Since the 2006 budget year, the agency charged with stopping would-be
illegal border crossers and smugglers from making it into the U.S.
over land and sea borders has spent more than $1.4 billion on what is
described as "administrative uncontrollable overtime," according to
the data provided by the Border Patrol. In practical terms, agents
average two hours a day in overtime.

That means agents can earn anywhere from 10 percent to 25 percent
extra pay an hour for the first two hours of overtime, with the extra
cash being steadily reduced every hour after that because of
complicated overtime rules. Over the course of a year, an agent can
earn about $15,000 more than the base salary, which for a more
experienced agent is typically over $60,000 a year. Agents are
limited to $35,000 in overtime annually.

The cost of overtime rose from about $155.8 million in 2006 to more
than $331 million in 2011. That increase coincides with the addition
of about 9,000 agents in the past six years and the drop of
apprehensions to a nearly 40-year low, from more than 1 million
arrests in 2006 to about 340,000 in 2011.

Border Patrol Deputy Chief Ronald D. Vitiello said patrolling the
border can be an unpredictable job that requires longer hours from

"The uncontrollable nature of the work is inherent in the primary
duty of a Border Patrol agent and must be performed in order to get
the job done," Vitiello said, adding that anything from making an
arrest to talking to witnesses can keep an agent on duty beyond a
scheduled shift. Often it stems from charging the Border Patrol for
the time spent driving from a remote location to an agent's home base
or staying late to finish the paperwork from an arrest or seizure of
illicit cargo.

Still, with the government facing record deficits and the Department
of Homeland Security likely to see more cuts, a system that builds in
overtime the same way on the busy U.S.-Mexico border as it does on
the relatively sleepy U.S.-Canadian border raises questions.

Most illegal border crossers are apprehended along the 2,000-mile
long Mexican border in California, Arizona, New Mexico, and Texas. In
the budget year that ended in September, 18,506 agents made a
combined 327,577 apprehensions _ an average of nearly 18
apprehensions per agent. The agency spent about $283 million on

But along the northern border there have been far fewer arrests, a
statistic long used to judge the amount of illegal activity along the
borders. Patrolling about 4,000 miles of border with Canada, 2,237
agents made 6,123 apprehensions_ an average of about three arrests
per agent _ in 2011. For example, the 201 agents in the Houlton
Sector in Maine arrested just 41 illegal border-crosses. Agents on
the northern border earned a combined $37 million in overtime pay.

The more than 200 agents assigned to the Border Patrol's headquarters
also made a combined $4.8 million in overtime last year.

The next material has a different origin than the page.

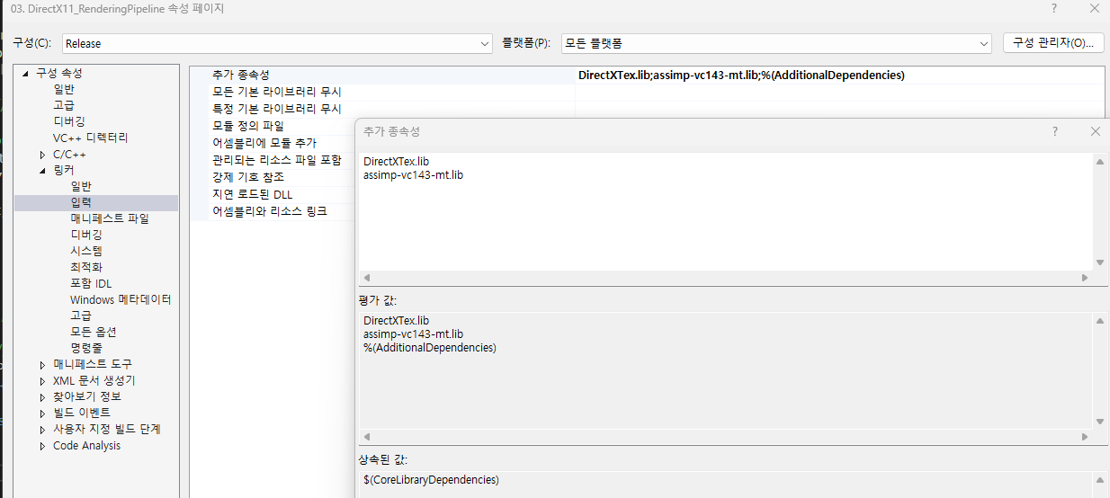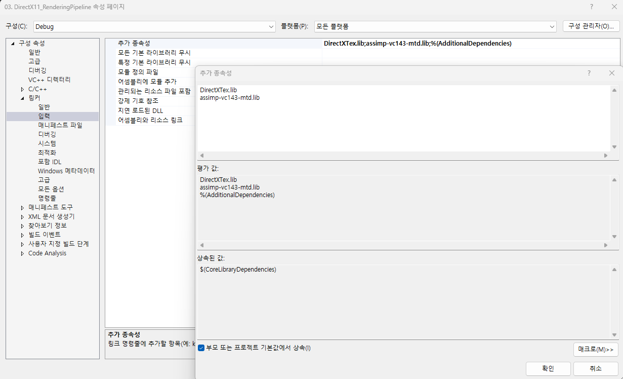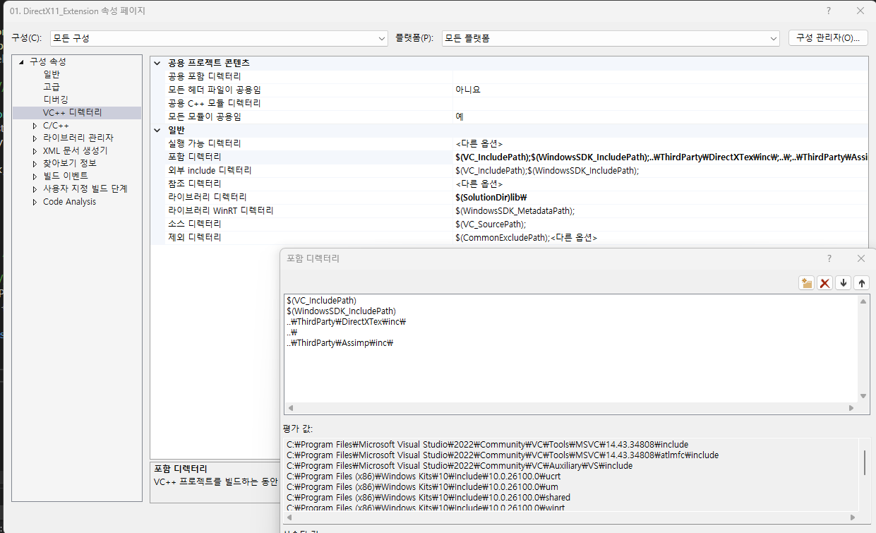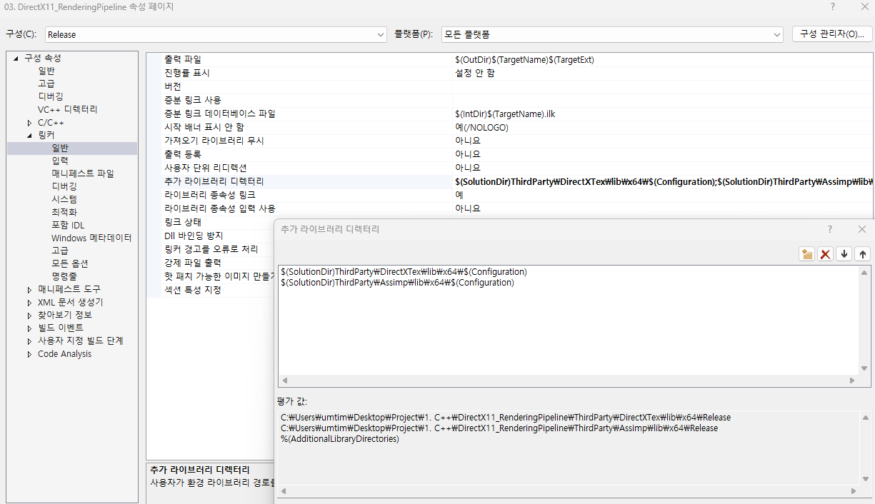 이후 lib 프로젝트들의 포함 디렉터리에 [..\ThirdParty\Asssimp\inc\]를 넣어주면 됩니다.

Vitiello defended the long hours and said agents need to have a
strong presence on the border.

"Regardless of the level of illegal cross border activity, agents are
responsible for securing the border against all threats," Vitiello
said. "This means that agents must have the flexibility to develop
intelligence, act on that intelligence, interact with the community
and work with their law enforcement counterparts on illegal activity
that has a nexus to the mission."

As for those agents assigned to headquarters, Vitiello said they also
cover shifts around the clock, including stints in the agency's
situation room.

T.J. Bonner, a retired Border Patrol agent and former president of
the agents' union, said daily overtime is necessary to make sure any
gains made in securing the border aren't lost.

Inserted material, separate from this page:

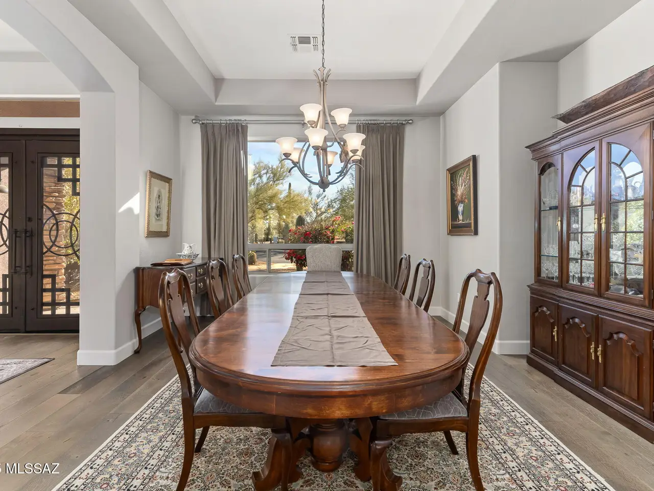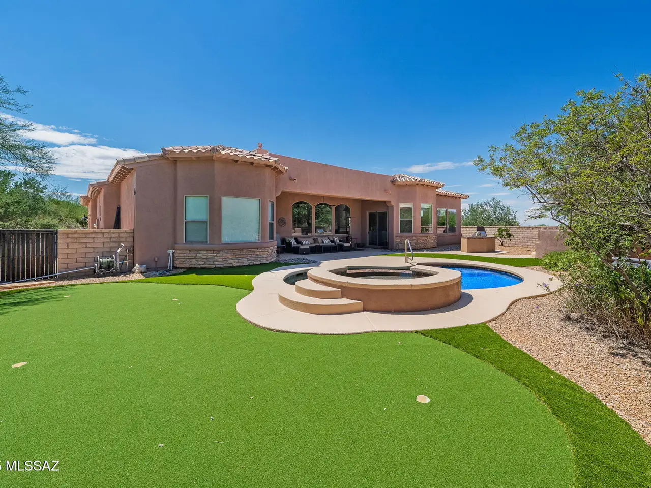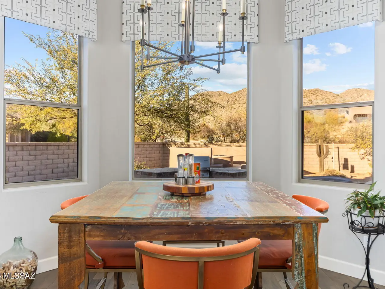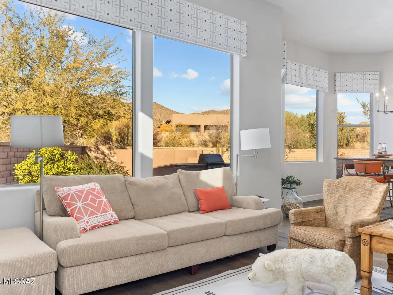 Assumable VA loan 2.25% Beautifully Remodeled Home with Stunning Mountain Views in Dos Lagos at Dove Mountain. Welcome to this gorgeous 3-bedroom, 4-bathroom home in the gated community of Dos Lagos at Dove Mountain. Thoughtfully remodeled with modern touches and timeless elegance, this home offers the perfect blend of style, comfort, and privacy. Step inside and immediately feel at home with new engineered wood flooring and a beautifully updated kitchen featuring sleek cabinetry and plenty of space to cook and entertain. The great room and living room have been redesigned with custom shelving, adding warmth and character to the space. A dedicated office space features new custom cabinets and shelving, creating a stylish and functional workspace. The primary suite is a true retreat complete with his and hers walk-in closets and a spa-like bathroom. Outside, your own private oasis awaits. Take in the breathtaking mountain views while relaxing in the pool and spa, the perfect spot for unwinding or entertaining guests. This home is all about comfort, beauty, and tranquility!

"You can't just punch in for an eight-hour day and go home," said
Bonner, who spent his career in the once-bustling San Diego sector.
"If you have gaps at shift change, they (criminals) are going to
exploit that gap."

Vitiello said the agency is looking at possible changes that would
impact overtime, including shifting to 10 hour shifts for four days a
week. No final decisions have been made.

Sharon Snellings, Customs and Border Protection's deputy assistant
commissioner of human resources, said agency officials also are
looking at shifting to another type of overtime system used by other
law enforcement agencies that she said could save the agency about
$70 million a year.

Homeland Security Secretary Janet Napolitano has said that her
department is constantly looking for ways to trim its multi-billion

"Every element of the federal government has an obligation to find
ways to do what we do more efficiently and in a more cost effective
manner," Napolitano said in a speech this past week. "We've been
looking for these ways for three years. It's everything ... it's
cutting down expenses related to procurement, it's doing certain
things with IT which are cutting the costs of that, it's eliminating
you know, subscriptions to unnecessary periodicals. We are finding
that we can get leaner and meaner. And we will continue to do that."

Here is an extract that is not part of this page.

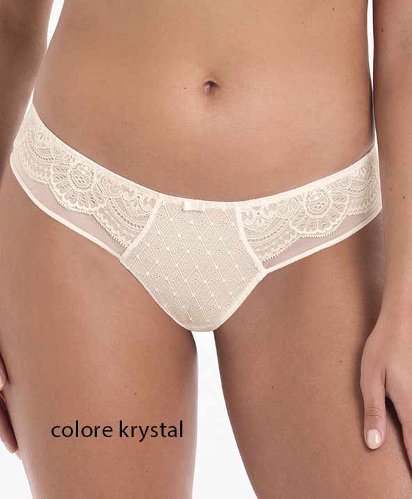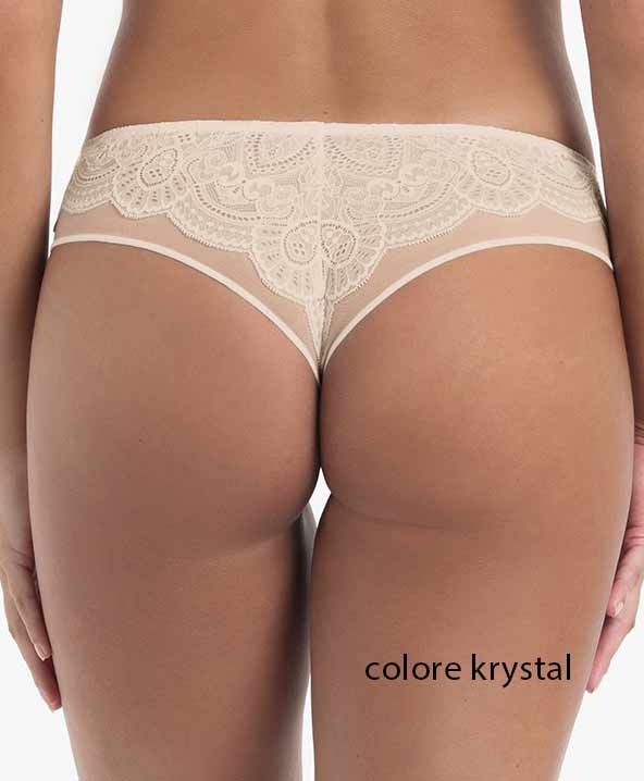 Slip abbinato ai reggiseni della linea Selma in pizzo All-over. Il pizzo filigranato su tulle trasparente accentua il look fresco e sbarazzino degli shorty della serie Selma, oltre a ridurre otticamente le forme, la parte posteriore della brasiliana è in pizzo All-over

Napolitano did not mention cutting staff or spending for manpower.

Union president George McCubbin said the proposed changes don't "fit
the type of work that we do. It's more suited for investigations."
McCubbin said the current overtime system isn't perfect, but it does
ensure that agents are paid for the hours they work.

Bonner said such pay changes or a scheduling shift would amount a
substantial pay cut and mean hiring thousands of new agents to keep
the same level of enforcement at the border.

"You would sacrifice security for what amounts to a drop in the
bucket in the federal budget," Bonner said. "It's in exchange for
having a presence on the border. You would have to hire 25 percent of
the existing workforce to have the same coverage."

Bradley Schreiber, a former Homeland Security senior adviser and
current vice president for the Applied Science Foundation for
Homeland Security, said it's difficult to know if the Border Patrol's
overtime system is the most efficient because the government hasn't
come up with a clear strategy to measure the threat at the border and
respond appropriately.

"It's a circular question," Schreiber said. "Since there's no
assessment, how do you know ... does this make sense?"